## COLLECTED DATA:
========

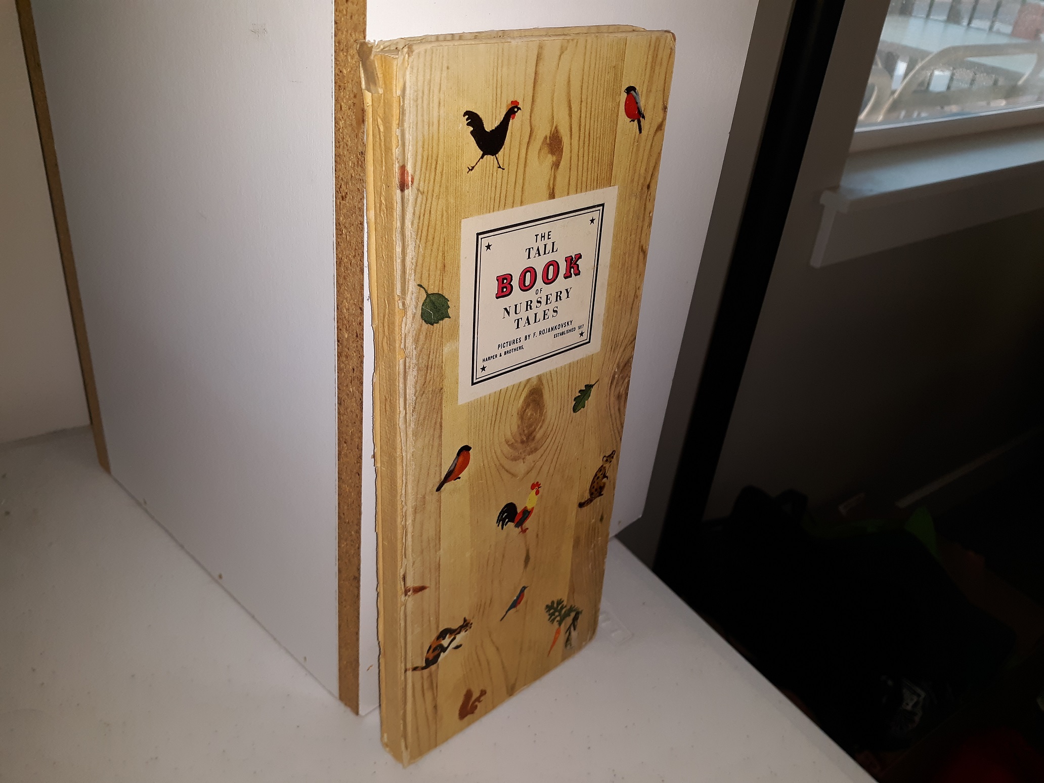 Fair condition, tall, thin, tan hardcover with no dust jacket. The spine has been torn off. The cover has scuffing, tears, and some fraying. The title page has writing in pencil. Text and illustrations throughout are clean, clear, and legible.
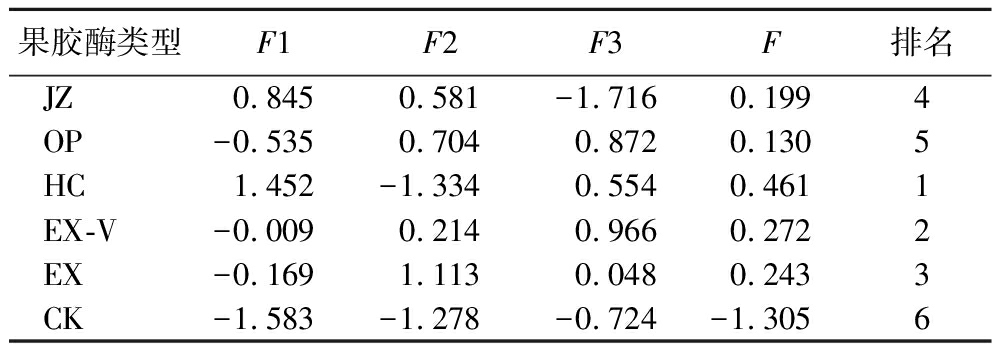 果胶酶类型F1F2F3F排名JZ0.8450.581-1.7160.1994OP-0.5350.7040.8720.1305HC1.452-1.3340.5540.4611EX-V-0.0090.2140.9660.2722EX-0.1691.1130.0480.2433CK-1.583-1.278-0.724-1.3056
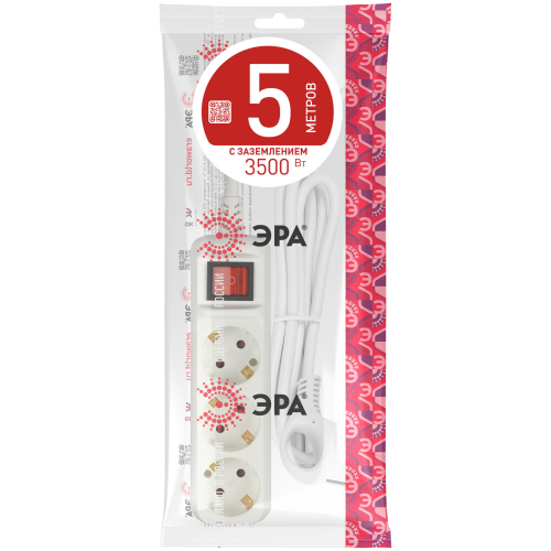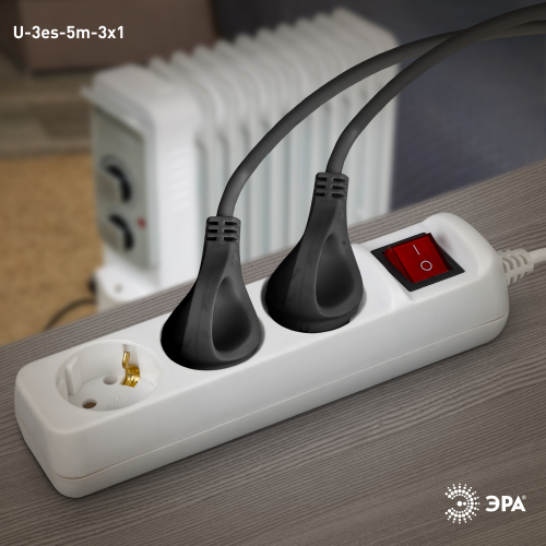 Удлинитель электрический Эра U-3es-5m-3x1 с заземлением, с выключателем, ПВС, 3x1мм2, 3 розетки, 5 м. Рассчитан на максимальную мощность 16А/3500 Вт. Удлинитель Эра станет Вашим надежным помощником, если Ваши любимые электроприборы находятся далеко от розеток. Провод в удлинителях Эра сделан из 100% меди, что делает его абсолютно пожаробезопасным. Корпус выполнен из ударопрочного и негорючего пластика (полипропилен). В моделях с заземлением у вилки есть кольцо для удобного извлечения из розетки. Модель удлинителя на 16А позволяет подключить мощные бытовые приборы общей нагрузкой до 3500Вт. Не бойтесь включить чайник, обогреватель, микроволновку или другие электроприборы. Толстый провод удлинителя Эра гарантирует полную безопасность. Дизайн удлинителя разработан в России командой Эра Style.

========

## YOUR TASK:
With the images removed, write out all of the material above exactly.

## EXERCISE ANSWER:
 Fair condition, tall, thin, tan hardcover with no dust jacket. The spine has been torn off. The cover has scuffing, tears, and some fraying. The title page has writing in pencil. Text and illustrations throughout are clean, clear, and legible.
 果胶酶类型F1F2F3F排名JZ0.8450.581-1.7160.1994OP-0.5350.7040.8720.1305HC1.452-1.3340.5540.4611EX-V-0.0090.2140.9660.2722EX-0.1691.1130.0480.2433CK-1.583-1.278-0.724-1.3056
 Удлинитель электрический Эра U-3es-5m-3x1 с заземлением, с выключателем, ПВС, 3x1мм2, 3 розетки, 5 м. Рассчитан на максимальную мощность 16А/3500 Вт. Удлинитель Эра станет Вашим надежным помощником, если Ваши любимые электроприборы находятся далеко от розеток. Провод в удлинителях Эра сделан из 100% меди, что делает его абсолютно пожаробезопасным. Корпус выполнен из ударопрочного и негорючего пластика (полипропилен). В моделях с заземлением у вилки есть кольцо для удобного извлечения из розетки. Модель удлинителя на 16А позволяет подключить мощные бытовые приборы общей нагрузкой до 3500Вт. Не бойтесь включить чайник, обогреватель, микроволновку или другие электроприборы. Толстый провод удлинителя Эра гарантирует полную безопасность. Дизайн удлинителя разработан в России командой Эра Style.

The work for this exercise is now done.